While learning for its own sake is commendable, most people thinking about graduate school also are at least a little bit interested in how a master's program might fit into their career plans.
More than 500 students have gone through PAR over the last four decades, and roughly two-thirds of them currently are with the media or in media-related fields.
Their ranks include editors, columnists and reporters at the Chicago Tribune, Chicago Sun-Times, St.

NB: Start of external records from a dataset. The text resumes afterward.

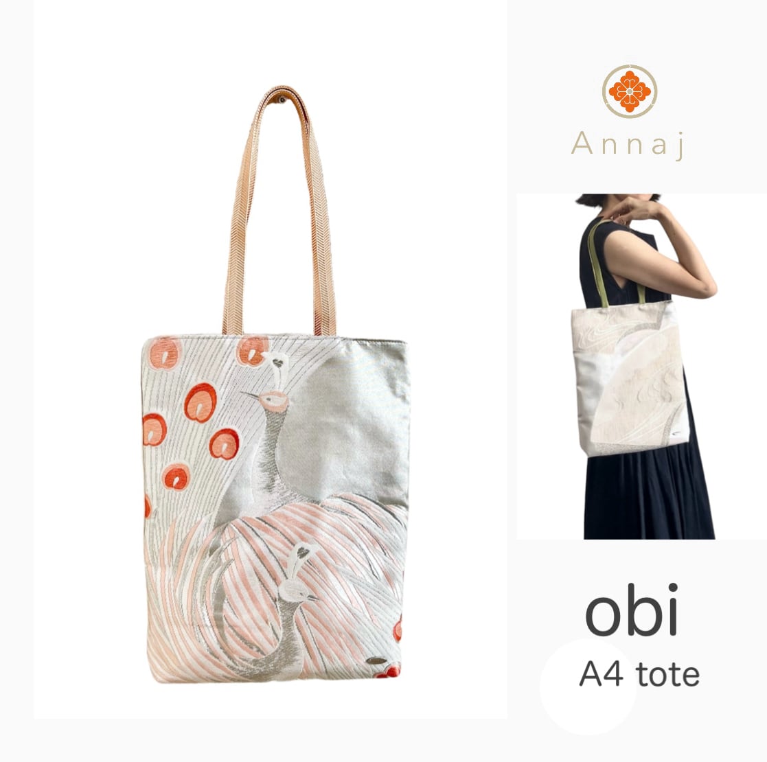 帯をアップサイクルしたバッグで、A4ファイルが入るトートバッグです。習い事や映画のパンフレットなども入れることができます。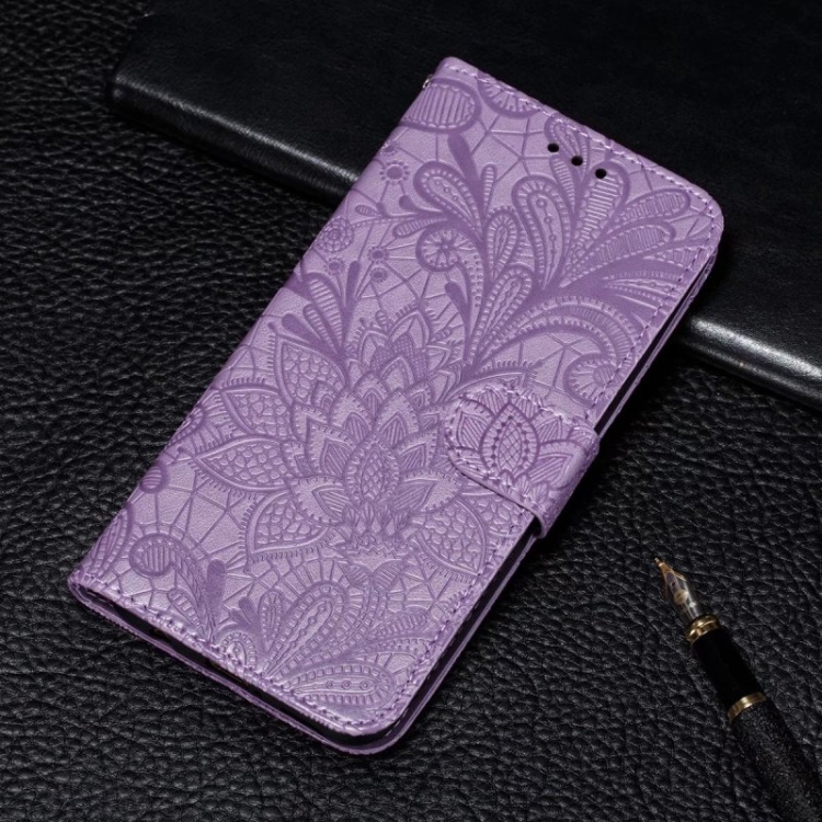 • 1x Funda de Cuero para Huawei Nova 12 Pro con Tapa y Estampado de Flores de Encaje (Púrpura)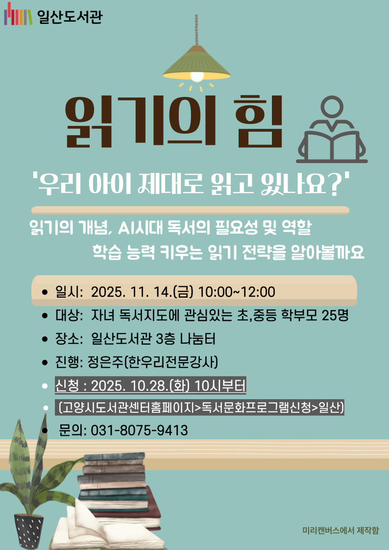 *내용 : 읽기의 시대, AI시대 독서의 필요성과 역할, 학습 능력을 키우는 읽기 전략을 알아봅니다.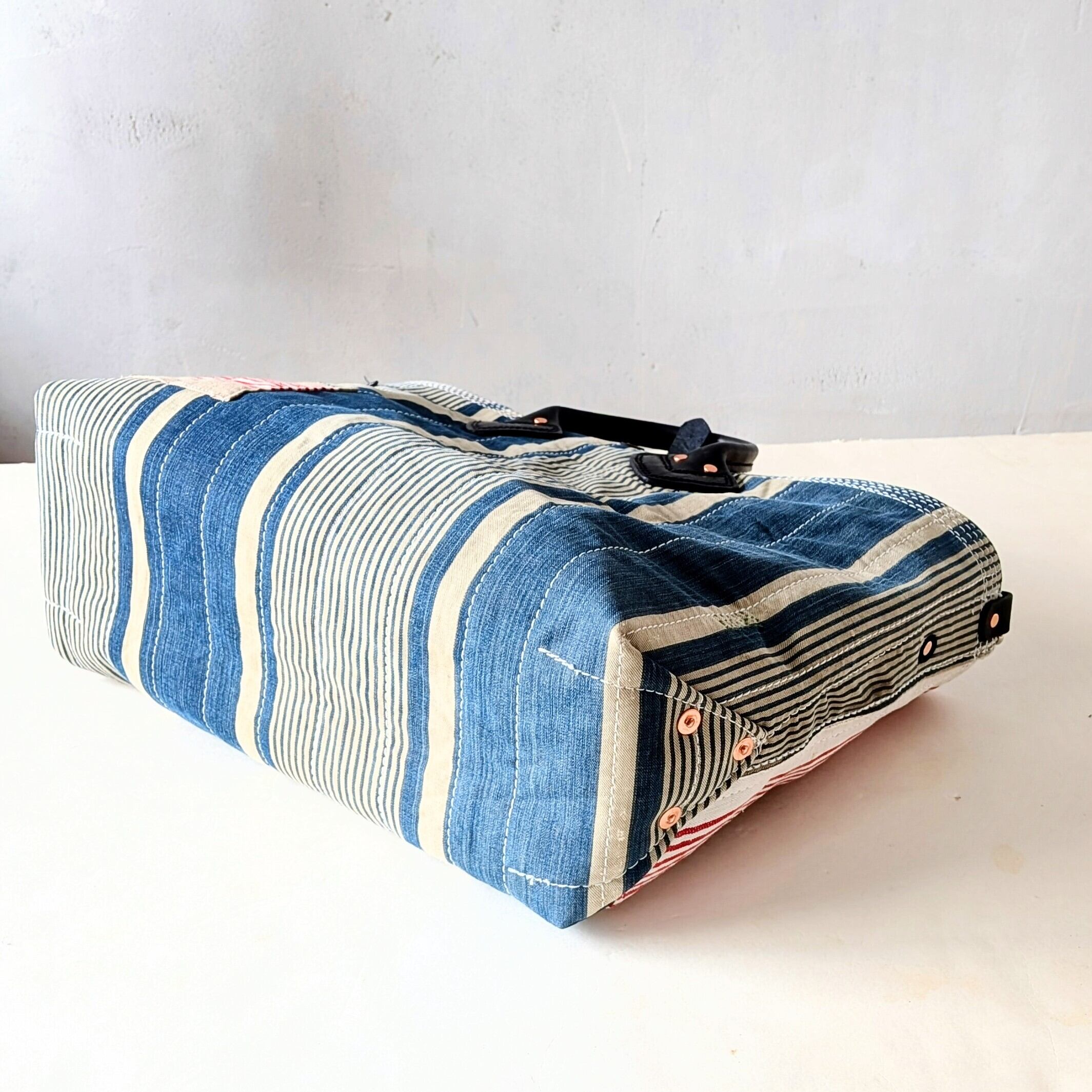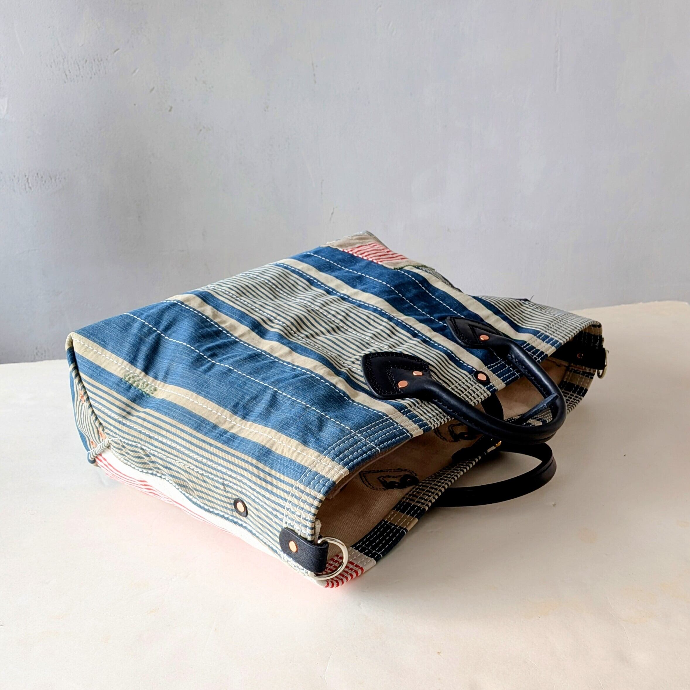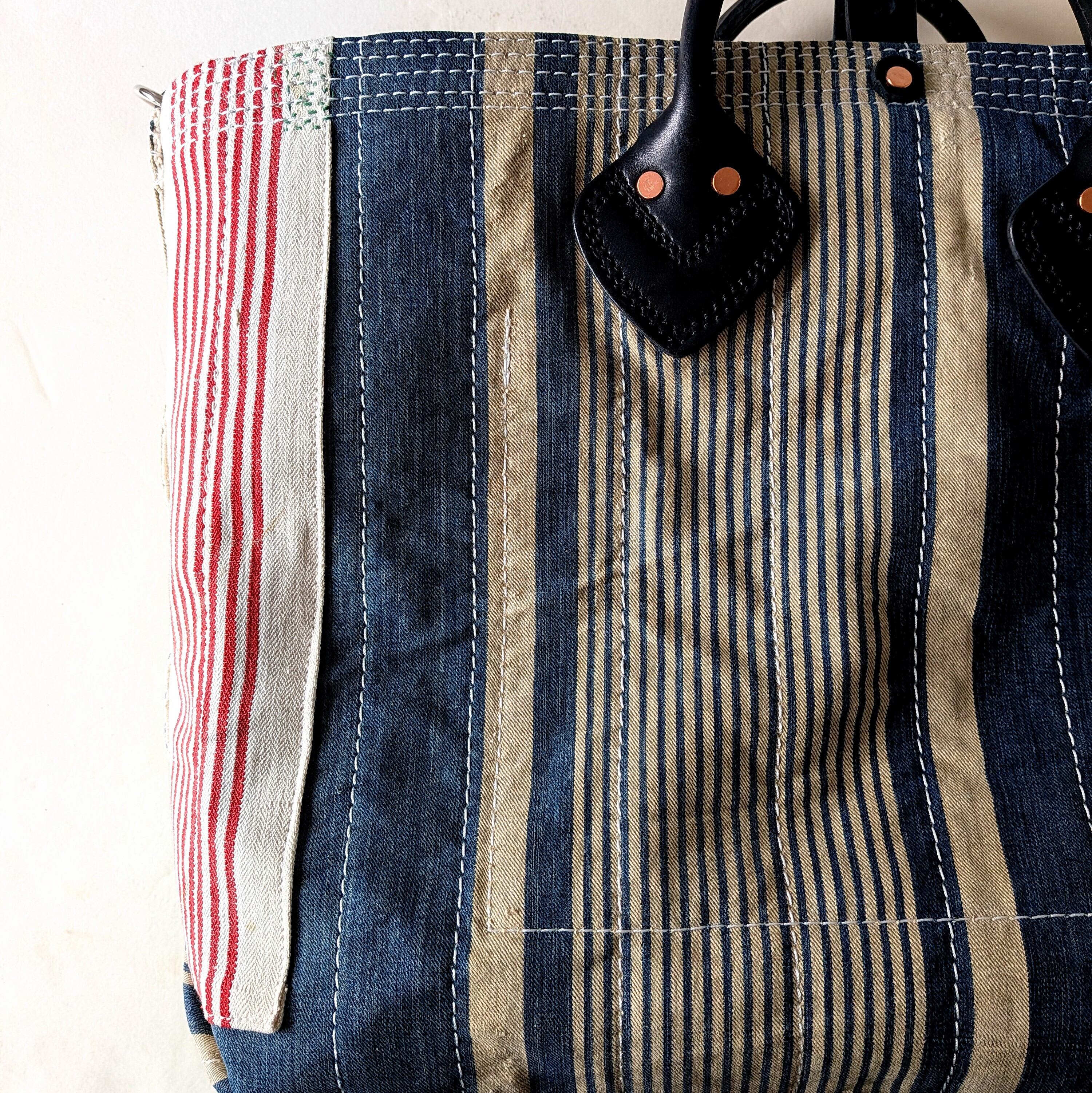 フランスで買付けたアンティークのTICKING FABRICを4号帆布に貼り付けて作ったトートバッグ。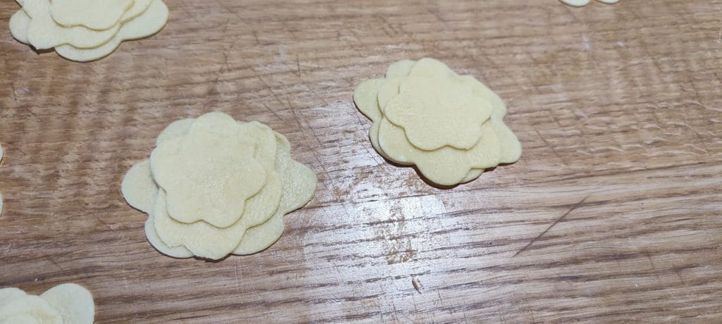 Ensuite, la pâte est découpée et façonnée pour donner vie à ces merveilleuses roses de Mardi Gras.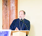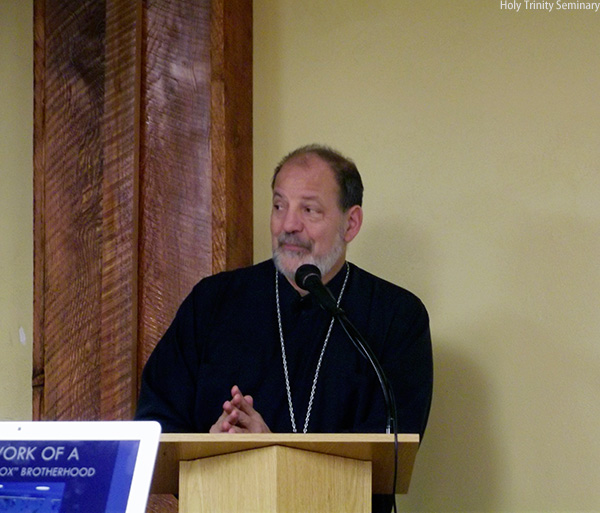 Fr. Stephen Vernak of Christ the Savior Orthodox Church in Harrisburg, PA gave the first presentation on Friday evening, on “The Work of a 'Pan-Orthodox” Brotherhood”. Fr. Stephen, former president of OISM, first spoke about his experiences as a seminarian and participant of OISM: “We know of the various stereotypes thrown about regarding the different Orthodox seminaries, but participating in OISM disabuses us of these notions.” He spoke about a trip to Alaska, as well as the Fall 2006 OISM meeting at Holy Trinity Seminary, where the OISM members were warmly welcomed by Metropolitan Laurus of blessed memory. He then spoke about the cooperation in organizing events and charity work by the Orthodox Christians of the Greater Harrisburg area, including the establishment of the Agia Sophia Coffee House and Bookstore. The non-profit coffee house, now in its second year, caters to a diverse patronage in Pennsylvania’s capital: “There are politicians, clerks, accountants, students, homeless people…We run the gambit.”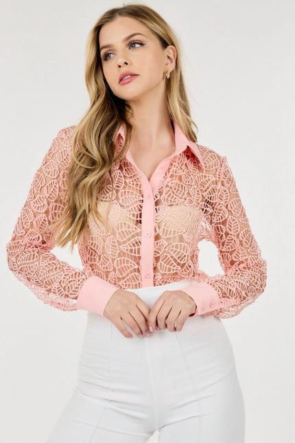 Collar Neck Long Sleeve Lace Top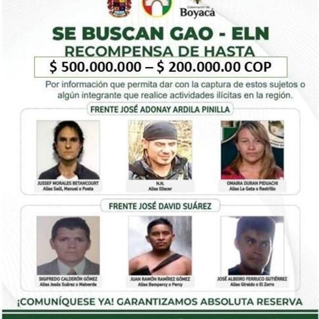 Se ofrecen $500 millones de pesos por información que permita capturar a Jussef Morales, alias “Saúl o Poeta”, cabecilla del frente José Adonay Padilla. Asimismo, hay $200 millones de recompensa por “Eliecer” y “La Gata”, así como por otros tres integrantes del frente José David Suárez.
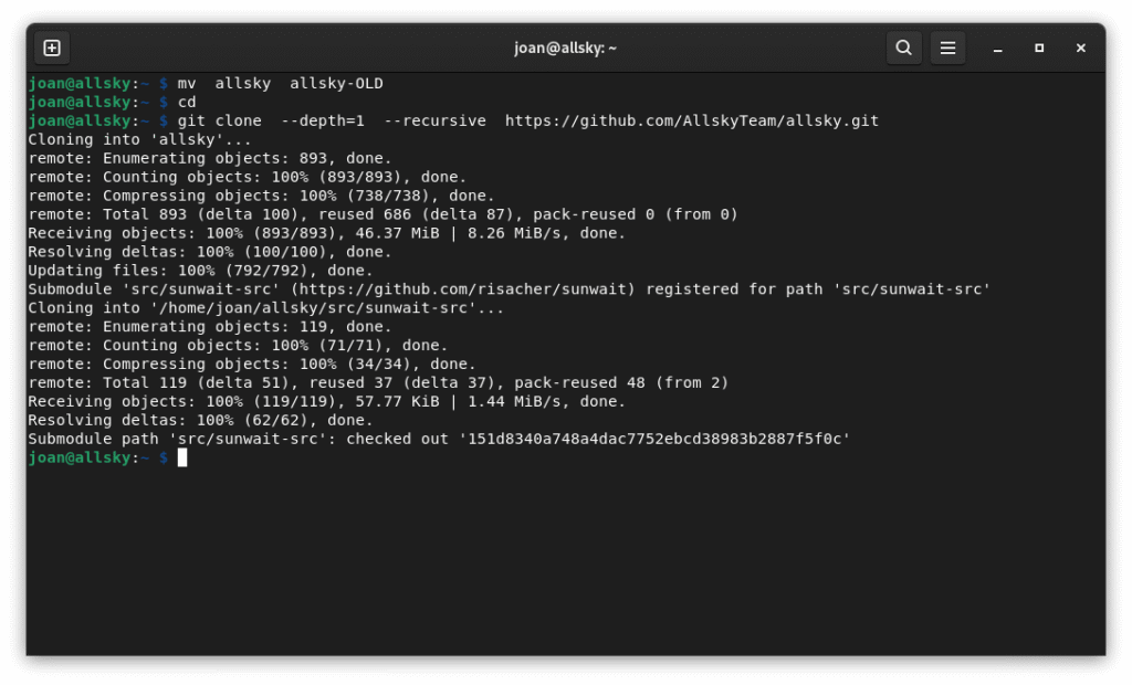 git clone --depth=1 --recursive https://github.com/AllskyTeam/allsky.git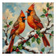 Vintage Cardinal Pair on Snowy Holly Branch Poster

Louis Post-Dispatch, The Washington Post, The Arizona Republic, Minneapolis Star Tribune, The Indianapolis Star, The (Baltimore) Sun, The Seattle Times, the Kansas City Star, Milwaukee Journal Sentinel, International Herald Tribune, and other major metropolitan newspapers, as well as with The Associated Press, Reuters, Dow Jones Newswires and Bloomberg News.
Broadcast alums are executives, producers and reporters with television and radio outlets in the Chicago, St. Louis, Washington, Atlanta, Phoenix, Minneapolis-St. Paul, Denver, Orlando, Indianapolis, Raleigh-Durham, Nashville and other markets throughout the U.S., as well as with CNN, MSNBC, C-SPAN and National Public Radio.
PAR alums also account for almost half of the Capitol press corps, including eight bureau chiefs.